The food was boring: apple maté, toast and soup with a slight variation for lunch, plain chicken. I dreamed of pizzas, meatball subs, and Carolina bbq. It was lonely and miserable being so far from home, friends and family. I watched approximately 80 hours of Friends, Two and a Half Men, Dawson’s Creek, 90210, Parenthood, House, Law and Order, Mercy, Grey’s Anatomy, Desperate Housewives, Smallville, The Office, Family Guy, 16 and Pregnant, CNN, Jersey Shore, Teen Cribs, Project Runway, that show where a family gets a n
ew home, American Idol, So You Think You Can Dance, Lost, movies, etc. It was enough TV to last a lifetime.

Finally my anti-malaria meds started working. On the fifth day at the hospital, my red blood cell count was climbing and my fever was so mild I could barely feel it fuzzing up my head. The doctor discharged me on the 6th day and I greeted the sunshine as if crawling out of a cave after a year. I felt a little woozy leaving my room but I kept my mouth shut so as not to endanger my hopes for escape.

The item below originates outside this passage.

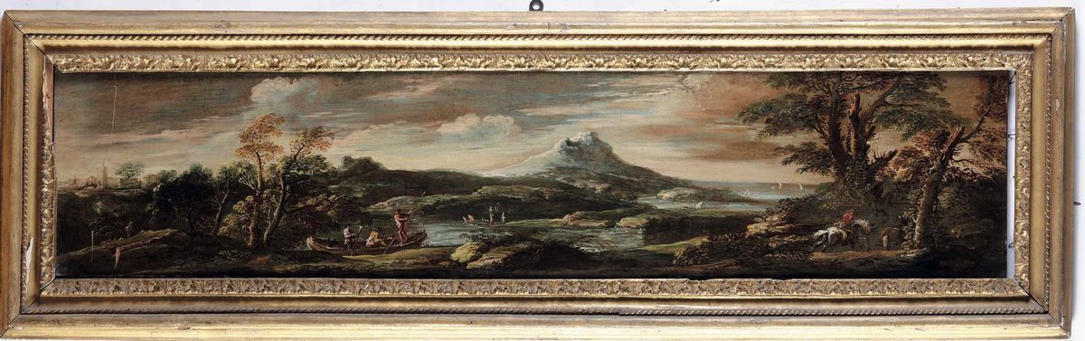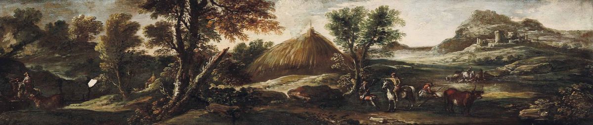 Scuola italiana del XVIII secolo Paesaggi con pescatori e pastori

Today I feel pretty good, though I lose energy fast; apparently I’m anemic. I’ve gotten some fresh juice and a couple of good meals in me which feels great. I also spent a fortune on iron pills, powdered milk, and other vitamin rich crap. The doctor says in two months I’ll be back to normal but I’m determined to recover much quicker than that. I’m taking a long sabbatical from TV even though that means I won’t find out who gets shot on Grey’s Anatomy.

Many thanks to everyone who responded to my cries for attention on Facebook. Virtual visits aren’t that bad a substitute for the real thing. In the meantime, I promise never to get malaria again.

One positive note about this situation: I never had to do one of those bloody, prick your own finger, Malaria slides and send it in a bush taxi to Conakry. I guess those months of crazy Mefloquine dreams were worth it after all.

It’s pretty unbelievable to think I have now had intimate experience with this disease that plagues the third world killing millions of people every year. I’m lucky to be privileged. The odd thing is they tested me before I left Africa and in Peru, I never went to a single region with variable or high risk for Malaria. Where and when that little bugger of a mosquito got me remains a mystery.

Much love from Peru,

Em

P.S. I still collect post cards. My address here is:

Calle Q’era norte 253
Pasaje Hurtado-Alvarez, B-1
Cusco, Peru

Thursday, May 13, 2010

Elections Coming in Guinea

Like a weight on my shoulders, Guinea, which has been nicknamed the ‘forgotten country,’ has taken the opposite role in my life, as the ‘unforgettable country.’ Even less than a year ago, I was an eager member of G-18, gearing up for a two year service, studying forgotten math techniques and technical French vocabulary with Monsieur Diallo to prepare for two years teaching high school math in Yende Milimou.


It is hard to go back to the place I was in last November, in Tubaniso, Mali, heart-broken, destructive, and grieving. Maybe my quick decision to come to Peru was an attempt to run as far away from the source of my troubles as possible. I couldn’t face a transfer, that would have been similar but not the same. I couldn’t face home which I’d only just left. So I came to Peru and I found a life here. I learned Spanish. I learned how to survive in a new foreign culture. I got my life together, made new decisions and today I am happy and healthy.

So why can’t I put Guinea behind me? With exciting news of a nation on the verge of their first set of democratic elections and Peace Corps making plans to re-instate the Guinea program, calling in Peace Corps Response Volunteers and Re-instatements from COSers like me, suddenly my stomach seems all twisted upside down and around. The wound re-opens and the old emotions just spill out. I can feel the call of Africa as if it's a love of my life.

So what does a person do? What do you do when the thing that broke your heart invites you back into its life?

Please remember to help Guinea by following these June 27th elections and praying for this unforgettable place at the edge of the world.